* WHAT TO DO *
In the listing below, find the line holding "사실 이번 개편으로 소비자가" and the line holding "Hra vznikla z obrázků". Write out those two lines and all lines between, exactly, and nothing more.

* RECORDS FOR THE TASK *
..........

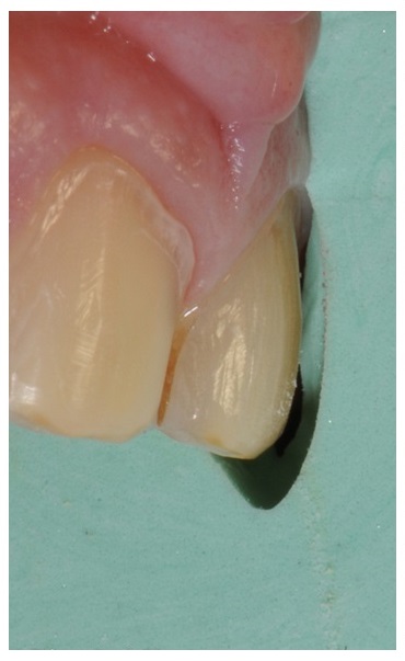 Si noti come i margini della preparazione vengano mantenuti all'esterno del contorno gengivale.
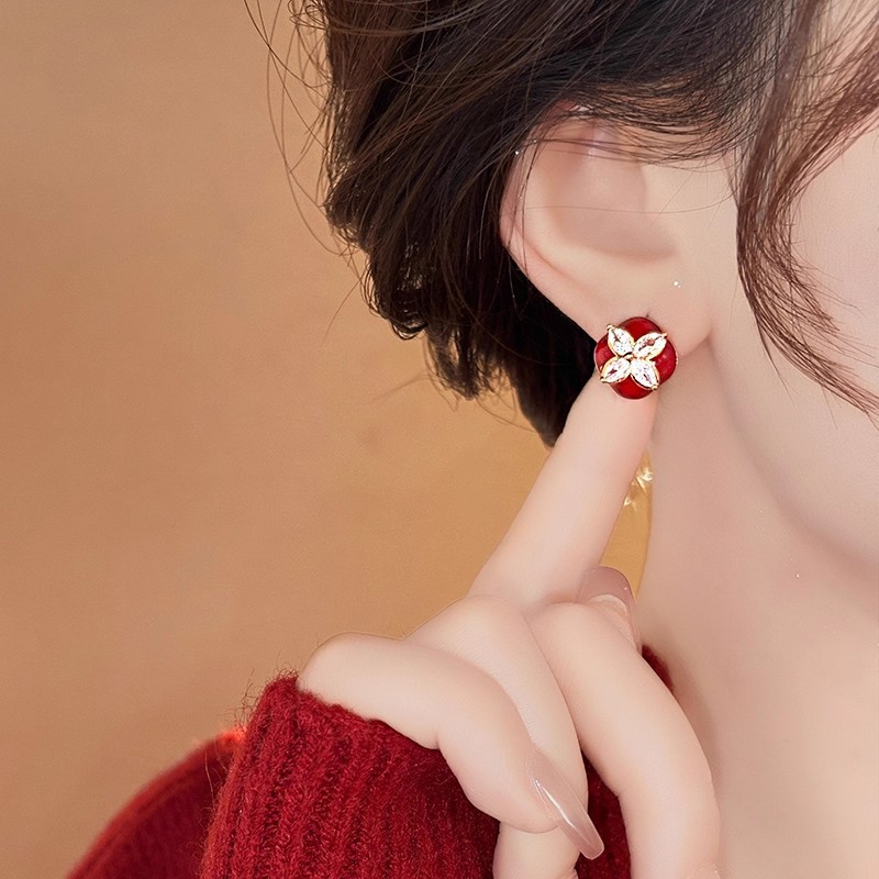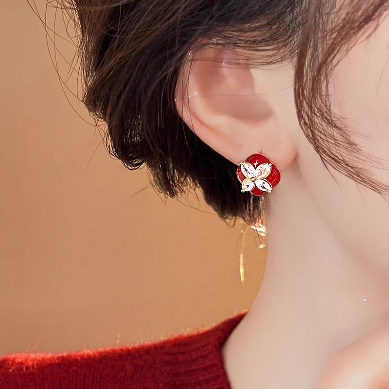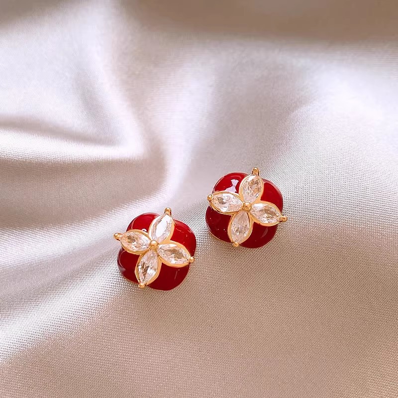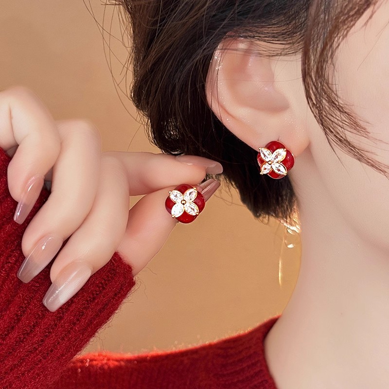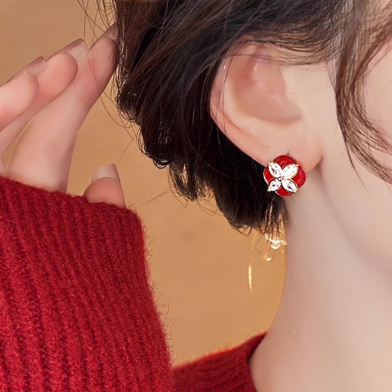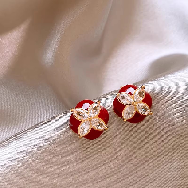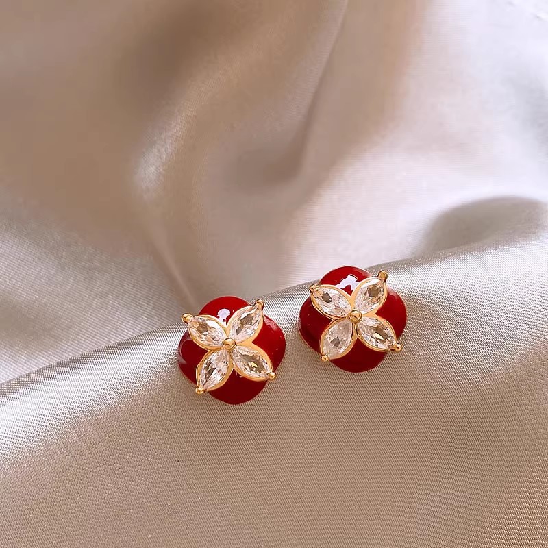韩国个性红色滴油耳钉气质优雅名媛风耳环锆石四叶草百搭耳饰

..........

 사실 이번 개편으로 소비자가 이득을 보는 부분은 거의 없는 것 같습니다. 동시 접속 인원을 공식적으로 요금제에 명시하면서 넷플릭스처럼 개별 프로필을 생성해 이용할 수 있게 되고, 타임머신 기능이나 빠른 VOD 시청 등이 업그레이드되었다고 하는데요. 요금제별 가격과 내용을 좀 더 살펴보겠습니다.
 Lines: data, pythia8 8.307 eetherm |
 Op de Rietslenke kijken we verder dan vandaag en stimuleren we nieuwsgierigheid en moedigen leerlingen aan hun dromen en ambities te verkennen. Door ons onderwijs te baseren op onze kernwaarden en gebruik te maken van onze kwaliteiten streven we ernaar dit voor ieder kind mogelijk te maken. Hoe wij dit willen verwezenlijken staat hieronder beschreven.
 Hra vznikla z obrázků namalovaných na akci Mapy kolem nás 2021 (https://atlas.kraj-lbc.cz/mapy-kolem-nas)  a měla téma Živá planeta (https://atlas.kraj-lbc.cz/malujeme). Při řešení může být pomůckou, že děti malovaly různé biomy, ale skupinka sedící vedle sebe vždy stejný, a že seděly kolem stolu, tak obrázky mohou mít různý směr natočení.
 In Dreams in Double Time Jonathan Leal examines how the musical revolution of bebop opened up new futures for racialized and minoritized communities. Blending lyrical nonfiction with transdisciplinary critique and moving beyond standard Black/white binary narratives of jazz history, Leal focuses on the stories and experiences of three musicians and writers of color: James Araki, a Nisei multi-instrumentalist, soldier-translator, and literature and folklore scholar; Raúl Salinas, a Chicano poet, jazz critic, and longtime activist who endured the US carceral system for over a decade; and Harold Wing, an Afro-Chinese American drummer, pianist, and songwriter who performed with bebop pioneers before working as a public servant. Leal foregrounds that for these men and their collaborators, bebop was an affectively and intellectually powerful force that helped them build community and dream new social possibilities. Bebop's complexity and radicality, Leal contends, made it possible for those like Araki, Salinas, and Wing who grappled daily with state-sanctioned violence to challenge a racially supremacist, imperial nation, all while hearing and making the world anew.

..........

* FINISHED TASK *
 사실 이번 개편으로 소비자가 이득을 보는 부분은 거의 없는 것 같습니다. 동시 접속 인원을 공식적으로 요금제에 명시하면서 넷플릭스처럼 개별 프로필을 생성해 이용할 수 있게 되고, 타임머신 기능이나 빠른 VOD 시청 등이 업그레이드되었다고 하는데요. 요금제별 가격과 내용을 좀 더 살펴보겠습니다.
 Lines: data, pythia8 8.307 eetherm |
 Op de Rietslenke kijken we verder dan vandaag en stimuleren we nieuwsgierigheid en moedigen leerlingen aan hun dromen en ambities te verkennen. Door ons onderwijs te baseren op onze kernwaarden en gebruik te maken van onze kwaliteiten streven we ernaar dit voor ieder kind mogelijk te maken. Hoe wij dit willen verwezenlijken staat hieronder beschreven.
 Hra vznikla z obrázků namalovaných na akci Mapy kolem nás 2021 (https://atlas.kraj-lbc.cz/mapy-kolem-nas)  a měla téma Živá planeta (https://atlas.kraj-lbc.cz/malujeme). Při řešení může být pomůckou, že děti malovaly různé biomy, ale skupinka sedící vedle sebe vždy stejný, a že seděly kolem stolu, tak obrázky mohou mít různý směr natočení.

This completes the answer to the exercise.